Reproduce from the records below, with no pictures, exactly the lines between the one containing "Жидкий тальк для" and the one containing "This is the", inclusive.

# [MATERIALS PROVIDED]
******
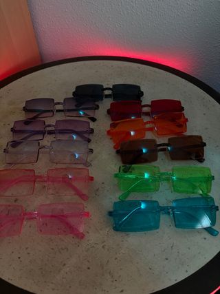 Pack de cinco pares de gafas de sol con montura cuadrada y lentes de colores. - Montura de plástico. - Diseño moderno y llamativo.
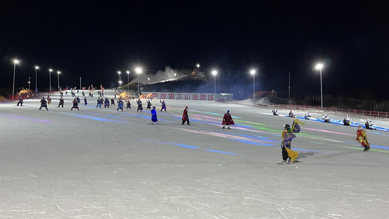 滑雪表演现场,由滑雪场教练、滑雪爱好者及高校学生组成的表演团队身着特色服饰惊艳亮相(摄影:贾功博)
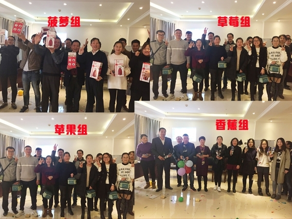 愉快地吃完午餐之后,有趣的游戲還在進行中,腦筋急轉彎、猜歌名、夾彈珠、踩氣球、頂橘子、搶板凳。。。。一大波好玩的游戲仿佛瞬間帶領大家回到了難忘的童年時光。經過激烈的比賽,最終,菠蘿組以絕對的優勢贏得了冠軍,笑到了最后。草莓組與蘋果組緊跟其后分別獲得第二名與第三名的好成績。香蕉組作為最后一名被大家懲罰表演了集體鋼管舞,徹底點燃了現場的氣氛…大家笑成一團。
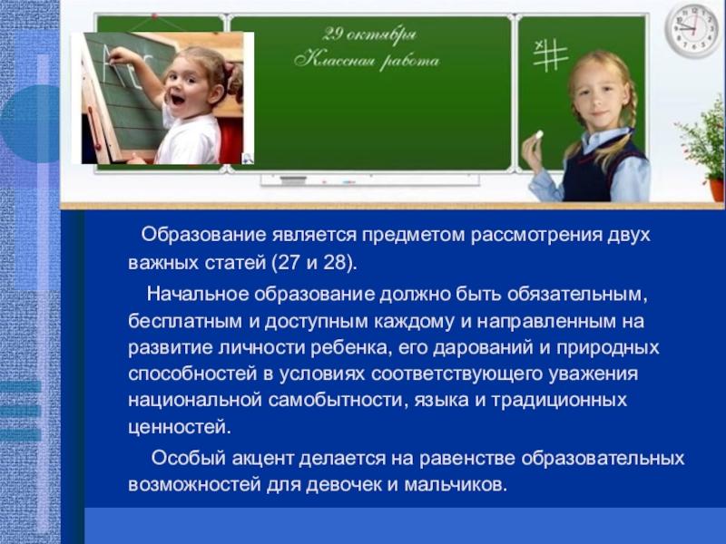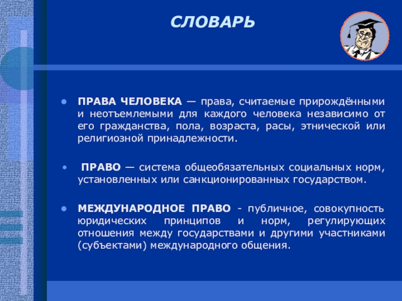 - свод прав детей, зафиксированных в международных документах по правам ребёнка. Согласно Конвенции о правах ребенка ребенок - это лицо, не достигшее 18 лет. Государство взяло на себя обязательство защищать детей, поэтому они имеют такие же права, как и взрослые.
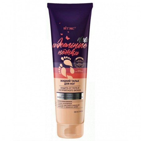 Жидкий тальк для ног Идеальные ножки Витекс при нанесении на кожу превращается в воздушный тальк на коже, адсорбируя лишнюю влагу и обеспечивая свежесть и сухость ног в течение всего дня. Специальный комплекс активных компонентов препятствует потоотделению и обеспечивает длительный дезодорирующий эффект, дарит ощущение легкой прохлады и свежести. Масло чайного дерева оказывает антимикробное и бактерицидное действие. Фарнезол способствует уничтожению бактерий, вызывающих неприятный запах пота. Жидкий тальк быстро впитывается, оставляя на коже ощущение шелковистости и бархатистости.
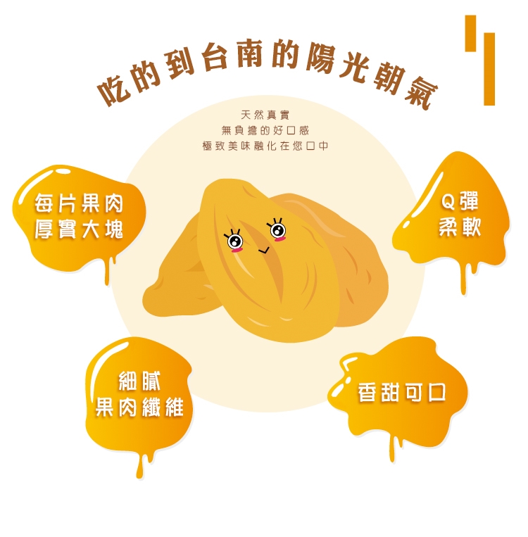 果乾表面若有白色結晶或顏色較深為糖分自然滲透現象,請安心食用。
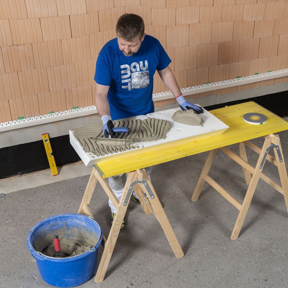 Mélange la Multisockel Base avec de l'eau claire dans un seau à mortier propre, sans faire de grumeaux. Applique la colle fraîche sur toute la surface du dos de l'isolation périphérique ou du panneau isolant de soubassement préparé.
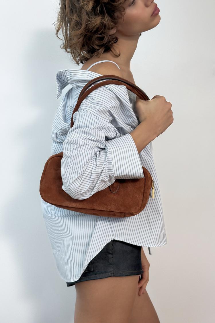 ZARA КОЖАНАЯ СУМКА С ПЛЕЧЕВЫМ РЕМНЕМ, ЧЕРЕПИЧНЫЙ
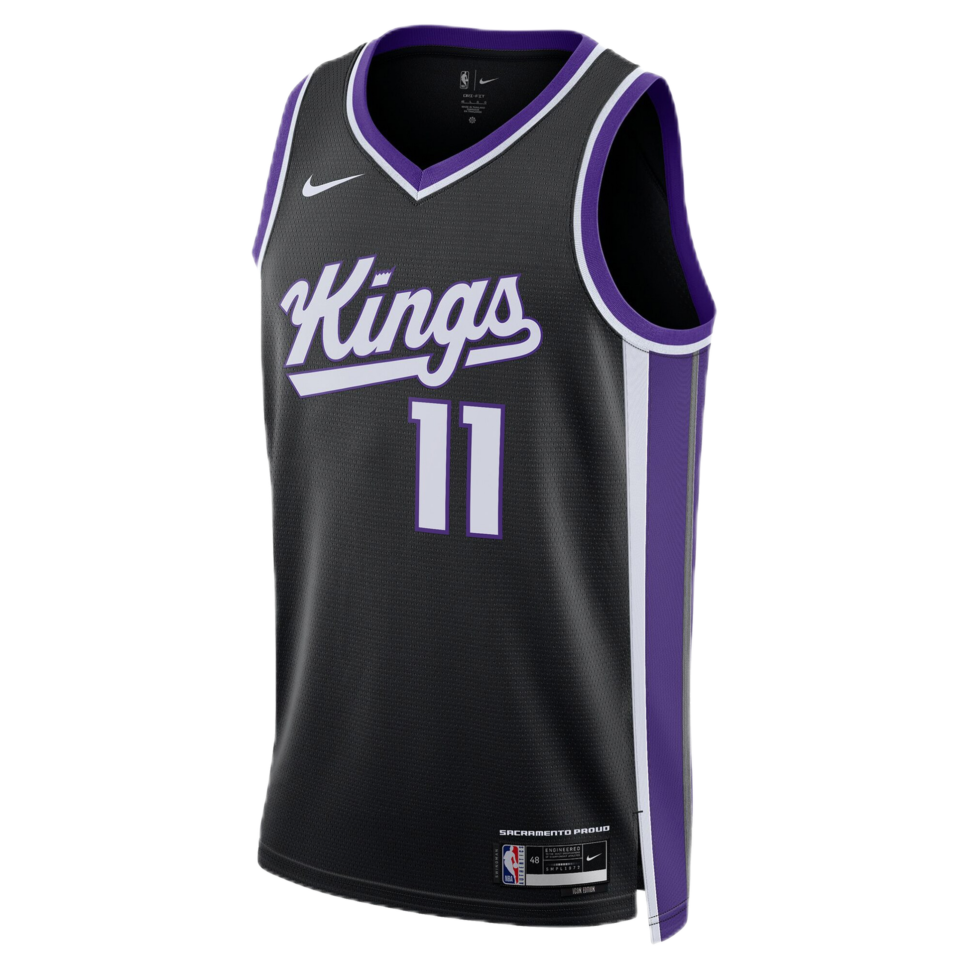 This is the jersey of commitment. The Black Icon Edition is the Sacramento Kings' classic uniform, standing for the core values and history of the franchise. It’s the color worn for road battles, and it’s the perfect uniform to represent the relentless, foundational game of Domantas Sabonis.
******
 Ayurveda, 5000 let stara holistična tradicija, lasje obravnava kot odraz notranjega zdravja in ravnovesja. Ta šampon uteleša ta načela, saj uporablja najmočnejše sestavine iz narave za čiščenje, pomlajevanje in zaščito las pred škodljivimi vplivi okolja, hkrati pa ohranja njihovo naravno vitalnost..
******
# [ANSWER TO THIS TASK]
 Жидкий тальк для ног Идеальные ножки Витекс при нанесении на кожу превращается в воздушный тальк на коже, адсорбируя лишнюю влагу и обеспечивая свежесть и сухость ног в течение всего дня. Специальный комплекс активных компонентов препятствует потоотделению и обеспечивает длительный дезодорирующий эффект, дарит ощущение легкой прохлады и свежести. Масло чайного дерева оказывает антимикробное и бактерицидное действие. Фарнезол способствует уничтожению бактерий, вызывающих неприятный запах пота. Жидкий тальк быстро впитывается, оставляя на коже ощущение шелковистости и бархатистости.
 果乾表面若有白色結晶或顏色較深為糖分自然滲透現象,請安心食用。
 Mélange la Multisockel Base avec de l'eau claire dans un seau à mortier propre, sans faire de grumeaux. Applique la colle fraîche sur toute la surface du dos de l'isolation périphérique ou du panneau isolant de soubassement préparé.
 ZARA КОЖАНАЯ СУМКА С ПЛЕЧЕВЫМ РЕМНЕМ, ЧЕРЕПИЧНЫЙ
 This is the jersey of commitment. The Black Icon Edition is the Sacramento Kings' classic uniform, standing for the core values and history of the franchise. It’s the color worn for road battles, and it’s the perfect uniform to represent the relentless, foundational game of Domantas Sabonis.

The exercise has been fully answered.